St. Louis’ good luck message must have rubbed off. Bourque was taken higher in the draft than was expected, going early in the second round to Washington.

“I knew that I was better than most of those kids up there,” said Chris Bourque. “The only thing that was holding me back was my size. I had a few interviews and I told them that my size doesn’t affect how I play. If you watch me you’ll see that my size isn’t a factor. I play with a lot of heart and a lot of passion.”

The draft day proceedings are a far cry from when the elder Bourque was selected.

“I was teaching hockey school in Verdun, and I got called off the ice to hear that I was going to Boston,” said Ray Bourque. “It was a great day.”

Before Washington, however, Chris Bourque will be headed to Boston University, a place he verbally committed to as soon as practically possible. He likely would’ve verbally committed while he was in diapers if only he could talk then.

“It was a no brainer [to go to BU]. It was my first and last choice,” said Chris. “They offered me a pretty good deal and I couldn’t say no. It’s been my dream since I was little. They have a great freshman class coming in and have good players in the program. Hopefully next year we’ll have a pretty good year.”

His dad tried to get him to at least explore other options, but Chris wouldn’t hear of it.

“I said, ‘Let’s go see other places,’ he said, ‘I don’t want to see any other place,’” Ray said. “I said let’s wait a couple days, he kept saying the same thing for 48 hours. And I said, ‘If that’s where you want to go, that’s where you’re going.’”

It’s a lot different than when Ray Bourque was a kid growing up in Quebec. The thought of playing in college was not realistic and he played in the Quebec Major Junior League.

“It’s two great options. These kids want to be hockey players, and there’s not one route that I would say is better than the other,” Ray Bourque said. “That’s a personal decision. And if you’re a Canadian-born player, probably your chances are you’re going to play major junior. If you’re born in the U.S. and you’re exposed to that whole scene, and grew up that way, you’re going to play college more than likely.

“The college route for me, as far as putting both things together, you can’t go wrong. I’ve seen a lot of great players who came out with a degree. If you can have that in your hand when you go to play hockey — you know, hockey doesn’t last forever.

Despite Chris’ admiration for Martin St. Louis, his father gets plenty of his praise as well. Ray Bourque, in fact, coached Chris at Cushing Academy, and, of course, in a sense, has been coaching him his all life.

“I was really lucky to be who I am and to be around the rinks all day long, to meet all these superstars that I have,” said Chris Bourque. “I think that’s helped me a lot. Watching them, you’re going to get good.

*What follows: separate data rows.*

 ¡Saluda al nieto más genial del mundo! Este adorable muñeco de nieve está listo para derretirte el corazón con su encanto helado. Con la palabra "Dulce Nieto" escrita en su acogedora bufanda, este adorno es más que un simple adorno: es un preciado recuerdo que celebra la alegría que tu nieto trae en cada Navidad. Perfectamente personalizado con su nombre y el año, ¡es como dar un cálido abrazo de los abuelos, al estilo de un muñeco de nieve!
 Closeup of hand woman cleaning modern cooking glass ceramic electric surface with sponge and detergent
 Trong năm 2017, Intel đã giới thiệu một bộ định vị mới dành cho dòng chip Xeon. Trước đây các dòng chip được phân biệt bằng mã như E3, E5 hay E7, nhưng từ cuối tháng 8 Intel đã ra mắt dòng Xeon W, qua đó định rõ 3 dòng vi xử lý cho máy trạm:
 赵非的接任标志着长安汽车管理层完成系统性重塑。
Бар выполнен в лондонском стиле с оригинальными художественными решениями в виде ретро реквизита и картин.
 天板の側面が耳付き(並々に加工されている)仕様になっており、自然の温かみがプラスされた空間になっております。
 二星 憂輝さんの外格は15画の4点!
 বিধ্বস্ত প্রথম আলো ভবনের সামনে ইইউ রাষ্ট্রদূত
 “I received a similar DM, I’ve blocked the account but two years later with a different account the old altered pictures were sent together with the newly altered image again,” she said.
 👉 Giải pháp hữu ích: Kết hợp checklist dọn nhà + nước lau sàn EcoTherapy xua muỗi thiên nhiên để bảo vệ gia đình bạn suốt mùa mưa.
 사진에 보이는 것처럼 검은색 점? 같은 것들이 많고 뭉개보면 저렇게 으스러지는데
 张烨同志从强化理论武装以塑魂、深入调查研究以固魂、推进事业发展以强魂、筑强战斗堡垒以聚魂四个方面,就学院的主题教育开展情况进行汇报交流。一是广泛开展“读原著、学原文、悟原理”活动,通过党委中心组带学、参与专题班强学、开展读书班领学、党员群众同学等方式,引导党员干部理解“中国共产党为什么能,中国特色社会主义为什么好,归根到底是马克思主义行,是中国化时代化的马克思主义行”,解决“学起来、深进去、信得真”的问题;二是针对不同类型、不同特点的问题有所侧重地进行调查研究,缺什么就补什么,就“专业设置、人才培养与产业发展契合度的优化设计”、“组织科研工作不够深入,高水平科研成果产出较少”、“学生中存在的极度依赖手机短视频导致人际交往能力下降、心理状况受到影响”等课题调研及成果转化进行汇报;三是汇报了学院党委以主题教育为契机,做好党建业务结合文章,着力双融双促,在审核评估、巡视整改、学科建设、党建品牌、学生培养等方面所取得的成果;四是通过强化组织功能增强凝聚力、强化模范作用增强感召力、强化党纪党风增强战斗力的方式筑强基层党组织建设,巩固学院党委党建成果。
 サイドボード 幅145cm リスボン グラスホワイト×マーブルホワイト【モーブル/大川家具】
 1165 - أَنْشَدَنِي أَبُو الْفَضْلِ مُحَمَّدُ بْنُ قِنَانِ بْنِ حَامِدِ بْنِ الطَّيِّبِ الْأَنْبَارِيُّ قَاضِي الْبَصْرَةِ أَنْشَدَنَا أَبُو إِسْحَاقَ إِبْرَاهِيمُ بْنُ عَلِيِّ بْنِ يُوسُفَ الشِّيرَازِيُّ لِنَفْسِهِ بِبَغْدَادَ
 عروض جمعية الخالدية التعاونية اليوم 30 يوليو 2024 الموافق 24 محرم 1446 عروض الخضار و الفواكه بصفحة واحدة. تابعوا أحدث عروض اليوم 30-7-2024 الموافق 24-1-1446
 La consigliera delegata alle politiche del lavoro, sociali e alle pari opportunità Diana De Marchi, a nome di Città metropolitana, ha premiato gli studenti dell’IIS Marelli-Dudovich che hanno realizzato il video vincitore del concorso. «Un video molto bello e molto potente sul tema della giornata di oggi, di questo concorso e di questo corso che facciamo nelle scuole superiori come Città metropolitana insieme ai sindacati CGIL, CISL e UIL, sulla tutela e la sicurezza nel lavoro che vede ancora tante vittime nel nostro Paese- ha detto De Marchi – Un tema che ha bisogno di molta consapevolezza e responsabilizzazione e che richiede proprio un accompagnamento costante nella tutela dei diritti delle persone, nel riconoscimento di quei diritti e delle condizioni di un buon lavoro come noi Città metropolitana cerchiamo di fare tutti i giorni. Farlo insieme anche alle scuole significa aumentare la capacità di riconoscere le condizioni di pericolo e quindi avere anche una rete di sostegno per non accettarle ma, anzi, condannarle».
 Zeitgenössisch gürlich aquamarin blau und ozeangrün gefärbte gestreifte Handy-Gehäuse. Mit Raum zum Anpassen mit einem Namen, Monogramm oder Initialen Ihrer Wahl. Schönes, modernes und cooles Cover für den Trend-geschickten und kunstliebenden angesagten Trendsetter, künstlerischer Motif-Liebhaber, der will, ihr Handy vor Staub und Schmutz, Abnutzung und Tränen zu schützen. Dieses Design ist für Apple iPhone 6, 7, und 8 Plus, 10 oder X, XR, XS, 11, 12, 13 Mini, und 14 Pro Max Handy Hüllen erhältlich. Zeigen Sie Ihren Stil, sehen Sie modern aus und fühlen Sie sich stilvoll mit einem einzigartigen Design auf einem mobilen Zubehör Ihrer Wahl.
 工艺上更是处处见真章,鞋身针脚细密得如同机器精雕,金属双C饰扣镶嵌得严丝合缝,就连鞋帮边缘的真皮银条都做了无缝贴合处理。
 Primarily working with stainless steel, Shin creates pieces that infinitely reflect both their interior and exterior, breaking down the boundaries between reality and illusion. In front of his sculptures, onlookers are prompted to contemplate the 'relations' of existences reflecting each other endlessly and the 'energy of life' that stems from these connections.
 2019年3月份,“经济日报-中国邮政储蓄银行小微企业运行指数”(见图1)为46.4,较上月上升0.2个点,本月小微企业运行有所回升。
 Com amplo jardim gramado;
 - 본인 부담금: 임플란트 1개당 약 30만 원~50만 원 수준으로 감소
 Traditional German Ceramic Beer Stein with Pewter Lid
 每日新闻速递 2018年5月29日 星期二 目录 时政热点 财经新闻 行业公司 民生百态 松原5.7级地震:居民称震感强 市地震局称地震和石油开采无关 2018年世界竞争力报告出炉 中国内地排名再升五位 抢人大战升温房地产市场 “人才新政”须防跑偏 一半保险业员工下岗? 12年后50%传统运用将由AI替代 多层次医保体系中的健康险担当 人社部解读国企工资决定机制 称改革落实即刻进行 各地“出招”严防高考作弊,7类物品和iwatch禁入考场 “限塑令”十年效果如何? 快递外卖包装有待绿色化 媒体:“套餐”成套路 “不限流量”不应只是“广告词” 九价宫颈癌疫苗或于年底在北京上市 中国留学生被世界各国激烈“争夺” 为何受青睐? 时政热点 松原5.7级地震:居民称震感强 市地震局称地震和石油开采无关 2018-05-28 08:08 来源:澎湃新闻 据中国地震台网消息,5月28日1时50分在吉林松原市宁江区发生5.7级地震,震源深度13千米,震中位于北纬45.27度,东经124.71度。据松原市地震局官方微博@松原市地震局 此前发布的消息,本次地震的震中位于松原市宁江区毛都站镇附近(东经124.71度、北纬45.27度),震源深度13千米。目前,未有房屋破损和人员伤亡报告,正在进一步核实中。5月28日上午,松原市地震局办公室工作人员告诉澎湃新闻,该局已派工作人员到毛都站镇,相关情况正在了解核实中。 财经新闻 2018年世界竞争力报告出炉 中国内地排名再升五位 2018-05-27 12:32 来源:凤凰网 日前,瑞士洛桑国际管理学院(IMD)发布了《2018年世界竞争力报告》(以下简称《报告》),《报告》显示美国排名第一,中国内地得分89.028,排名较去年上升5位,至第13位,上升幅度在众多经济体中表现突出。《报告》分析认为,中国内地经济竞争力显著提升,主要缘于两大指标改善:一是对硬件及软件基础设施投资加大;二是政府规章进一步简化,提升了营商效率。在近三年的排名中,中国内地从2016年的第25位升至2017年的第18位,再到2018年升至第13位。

“I remember skating at the [Boston] Garden. That was an awesome place. We used to go on before [the Bruins] came out and I would jump back on after they finished practice, so I was on the ice all the time. Those were fun memories.

“It’s kind of awesome [to be Ray Bourque's son]. I’ve been around the rinks all my life. I’ve seen NHL players skate and watched their games. I’ve seen how they get ready and play the game. It showed me what it takes to become an NHL player and I think I’ve learned a lot from that.”